WASP Pilot Gleanna Roberts |
Born January 11, 1919, Gleanna
grew up on her father’s farm near Sharon Center, about 10 miles southwest of
Iowa City in eastern Iowa. She was the fourth child and second daughter of
Robert and Elizabeth Roberts; although, she never really knew her sister,
Evaline Joyce, who died when Gleanna had just turned 3 years old in 1922.
A journalism graduate of the University
of Iowa, Iowa City, it didn’t take Gleanna long to get her first reporter’s job
with the Cedar Rapids Tribune, where
she also was a writer in the editorial department … In
February 1942, she accepted a reporter’s
position with the Moline Dispatch
newspaper in Illinois, just across the Mississippi River from Davenport, Iowa.
By 1944, she was also the paper’s Radio Editor and Writer. While living in
Moline, she began taking flying lessons and before she reported to Avenger
Field, she had accumulated 65 hours in the air.

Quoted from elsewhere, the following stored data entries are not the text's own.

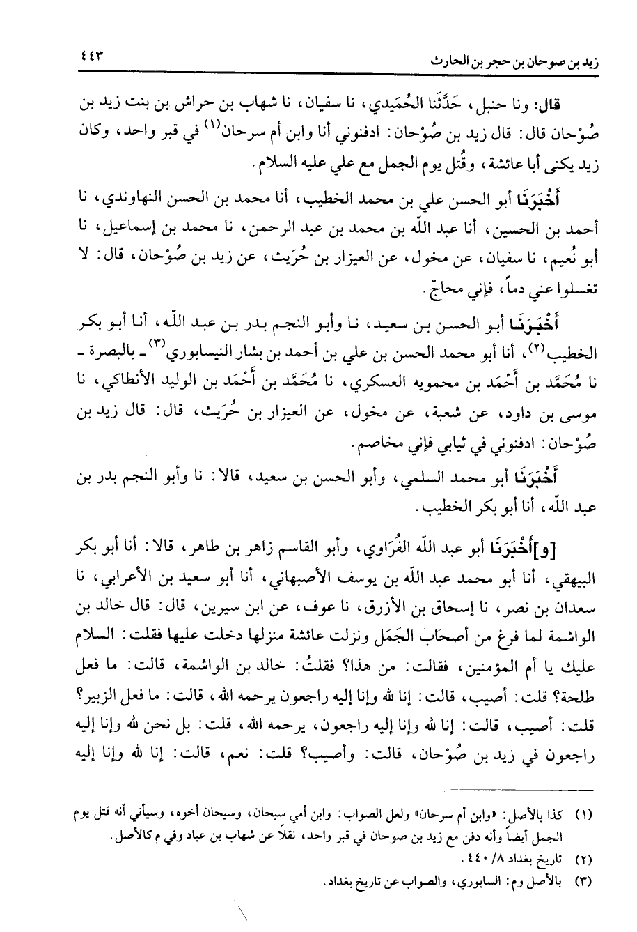 قال ونا حنبل حدثنا الحميدي نا سفيان نا شهاب بن حراش بن بنت زيد بن صوحان قال قال زيد بن صوحان ادفنوني أنا وابن أم سرحان (1) في قبر واحد وكان زيد يكنى أبا عائشة وقتل يوم الجمل مع علي عليه السلام أخبرنا أبو الحسن علي بن محمد الخطيب أنا محمد بن الحسن النهاوندي نا أحمد بن الحسين أنا عبد الله بن محمد بن عبد الرحمن نا محمد بن إسماعيل نا أبو نعيم نا سفيان عن مخول عن العيزار بن حريث عن زيد بن صوحان قال لا تغسلوا عني دما فإني محاج أخبرنا أبو الحسن بن سعيد نا وأبو النجم بدر بن عبد الله أنا أبو بكر الخطيب (2) أنا أبو محمد الحسن بن علي بن أحمد بن بشار النيسابوري (3) بالبصرة نا محمد بن أحمد بن محمويه العسكري نا محمد بن أحمد بن الوليد الأنطاكي نا موسى بن داود عن شعبة عن مخول عن العيزار بن حريث قال قال زيد بن صوحان ادفنوني في ثيابي فإني مخاصم أخبرنا أبو محمد السلمي وأبو الحسن بن سعيد قالا نا وأبو النجم بدر بن عبد الله أنا أبو بكر الخطيب وأخبرنا أبو عبد الله الفراوي وأبو القاسم زاهر بن طاهر قالا أنا أبو بكر البيهقي أنا أبو محمد عبد الله بن يوسف الأصبهاني أنا أبو سعيد بن الأعرابي نا سعدان بن نصر نا إسحاق بن الأزرق نا عوف عن ابن سيرين قال قال خالد بن الواشمة لما فرغ من أصحاب الجمل ونزلت عائشة منزلها دخلت عليها فقلت السلام عليك يا أم المؤمنين فقالت من هذا فقلت خالد بن الواشمة قالت ما فعل طلحة قلت أصيب قالت إنا لله وإنا إليه راجعون يرحمه الله قالت ما فعل الزبير قلت أصيب قالت إنا لله وإنا إليه راجعون يرحمه الله قلت بل نحن لله وإنا إليه راجعون في زيد بن صوحان قالت وأصيب قلت نعم قالت إنا لله وإنا إليه
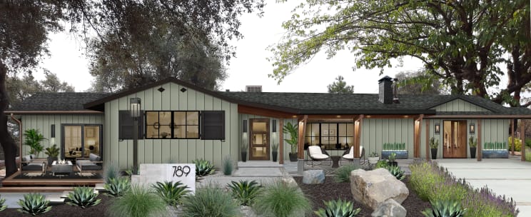 Tone warna hijau ini dapat memancarkan perasaan menenangkan bagi penghuninya. Sebagai tambahan warna, Anda dapat mengombinasikannya dengan warna beige pada pondasi atau tiang rumah.
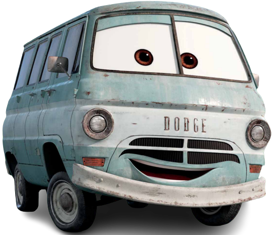Dusty Rust-eze is a rusted compact van that, together with his brother, Rusty Rust-eze, lived in his mother's garage in Boston, Massachusetts, United States. He and his brother loved telling jokes and helping other rusted cars. Because of that, they developed medicated bumper ointment around 1991. They started small company called Rust-eze, operating from their mother's garage, with their invention as a main product. It eventually grown into a household name with factories all over the country. Despite of company's success, they kept living in their mother's garage. Rusty and Dusty's mother stated that she was proud of her sons' successes but hoped their would eventually move out.

WASP Gleanna Roberts reporter/columnist |
WASP Pilot Gleanna Roberts with a Stearman at Avenger Field, Sweetwater, Texas |
Martha Sarager, one of Gleanna’s
roommates, escorted her body home to Sharon Center and the white, wood-framed
First Welsh Congregational Church. In the small churchyard cemetery, Martha
stood silently in her dress uniform. There, Gleanna would rest near her
grandparents—and the sister she never really knew.